§ **WHAT YOU NEED TO DO**:
Beginning at the line that contains "Браслет багатошаровий з" and finishing at the line that contains "Легкая, прочная, яркая", output the data below exactly. Include both end lines and no pictures.

§ **DATASET RECORDS**:

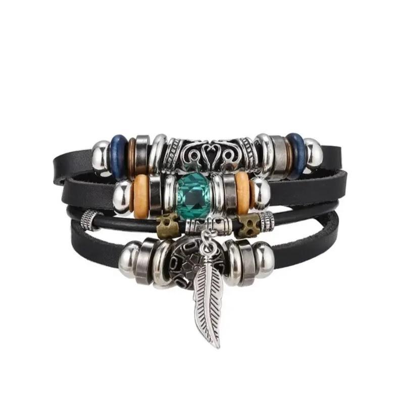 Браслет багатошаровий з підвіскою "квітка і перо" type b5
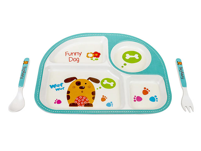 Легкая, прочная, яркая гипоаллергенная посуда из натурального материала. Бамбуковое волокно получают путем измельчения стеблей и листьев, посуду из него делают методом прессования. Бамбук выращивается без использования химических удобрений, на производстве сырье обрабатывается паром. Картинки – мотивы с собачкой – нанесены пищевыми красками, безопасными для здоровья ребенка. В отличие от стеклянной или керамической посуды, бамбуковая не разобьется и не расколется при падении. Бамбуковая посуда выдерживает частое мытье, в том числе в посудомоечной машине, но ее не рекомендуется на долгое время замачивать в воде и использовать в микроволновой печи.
...
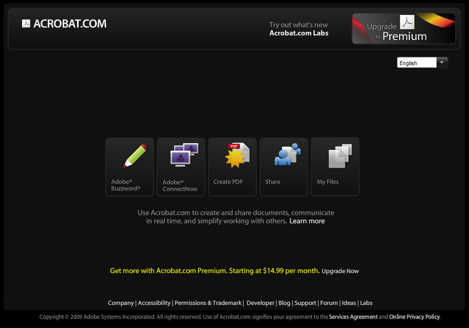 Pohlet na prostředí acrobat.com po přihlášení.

§ **ANSWER TO THIS TASK**:
 Браслет багатошаровий з підвіскою "квітка і перо" type b5
 Легкая, прочная, яркая гипоаллергенная посуда из натурального материала. Бамбуковое волокно получают путем измельчения стеблей и листьев, посуду из него делают методом прессования. Бамбук выращивается без использования химических удобрений, на производстве сырье обрабатывается паром. Картинки – мотивы с собачкой – нанесены пищевыми красками, безопасными для здоровья ребенка. В отличие от стеклянной или керамической посуды, бамбуковая не разобьется и не расколется при падении. Бамбуковая посуда выдерживает частое мытье, в том числе в посудомоечной машине, но ее не рекомендуется на долгое время замачивать в воде и использовать в микроволновой печи.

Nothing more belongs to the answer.